• **Data**:
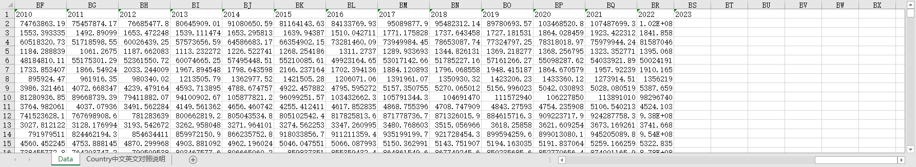 (数据是基于2024年7月2日的世行wdi的1960-2023数据整理的,部分国家、部分年份的数据有缺失,敬请留意,介意勿拍)
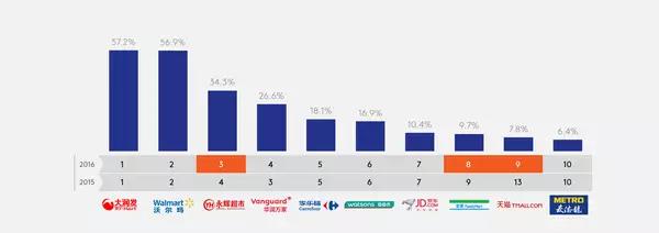 近日,凯度零售咨询(Kantar Retail)发布2016年中国 PoweRanking® 零售力量排行榜调研结果。
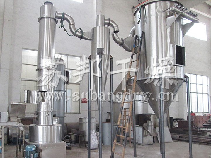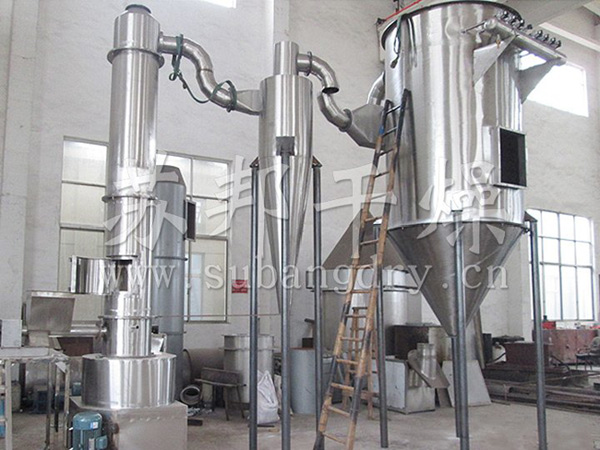 豆沙由螺旋加料機定量加入閃蒸干燥機內(nèi),熱風(fēng)由干燥機的底部切線進入,產(chǎn)生高速螺旋向上的氣流,濕料在高速氣流的沖擊和機內(nèi)攪拌的共同作用下,在被干燥的同時,粒子也被粉碎和分級。粒子越小,氣固傳熱的速度越快。小粒子在旋轉(zhuǎn)氣流的作用下,由干燥機下部的流化段上升至上部的干燥段合格品由頂部分級器與熱風(fēng)一起進入旋風(fēng)分離器,經(jīng)分離收集成為成品包裝;而粒子較大和濕度較高的粒子,在重力和離心力的作用下,重新回落到干燥機的中、下段,再次粉碎和干燥。
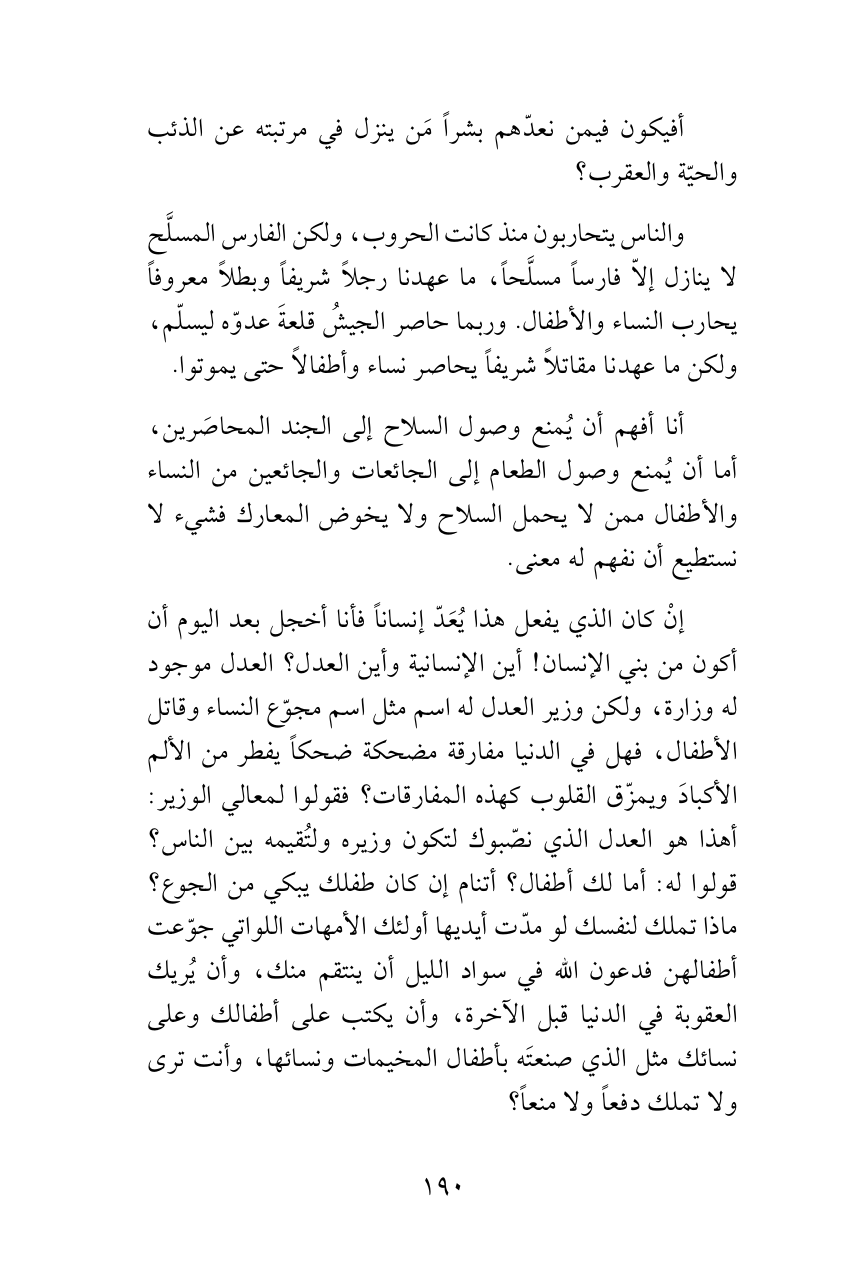 والناس يتحاربون منذ كانت الحروب، ولكن الفارس المسلَّح لا ينازل إلاّ فارساً مسلَّحاً، ما عهدنا رجلاً شريفاً وبطلاً معروفاً يحارب النساء والأطفال. وربما حاصر الجيشُ قلعةَ عدوّه ليسلّم، ولكن ما عهدنا مقاتلاً شريفاً يحاصر نساء وأطفالاً حتى يموتوا.

• **How to complete this task**: Print only the lines running from the line that contains "近日,凯度零售咨询(Kantar Retail)发布2016年中国 PoweRanking®" to the final line of the listing, both included. Omit every picture.

• **Result of this task**:
 近日,凯度零售咨询(Kantar Retail)发布2016年中国 PoweRanking® 零售力量排行榜调研结果。
 豆沙由螺旋加料機定量加入閃蒸干燥機內(nèi),熱風(fēng)由干燥機的底部切線進入,產(chǎn)生高速螺旋向上的氣流,濕料在高速氣流的沖擊和機內(nèi)攪拌的共同作用下,在被干燥的同時,粒子也被粉碎和分級。粒子越小,氣固傳熱的速度越快。小粒子在旋轉(zhuǎn)氣流的作用下,由干燥機下部的流化段上升至上部的干燥段合格品由頂部分級器與熱風(fēng)一起進入旋風(fēng)分離器,經(jīng)分離收集成為成品包裝;而粒子較大和濕度較高的粒子,在重力和離心力的作用下,重新回落到干燥機的中、下段,再次粉碎和干燥。
 والناس يتحاربون منذ كانت الحروب، ولكن الفارس المسلَّح لا ينازل إلاّ فارساً مسلَّحاً، ما عهدنا رجلاً شريفاً وبطلاً معروفاً يحارب النساء والأطفال. وربما حاصر الجيشُ قلعةَ عدوّه ليسلّم، ولكن ما عهدنا مقاتلاً شريفاً يحاصر نساء وأطفالاً حتى يموتوا.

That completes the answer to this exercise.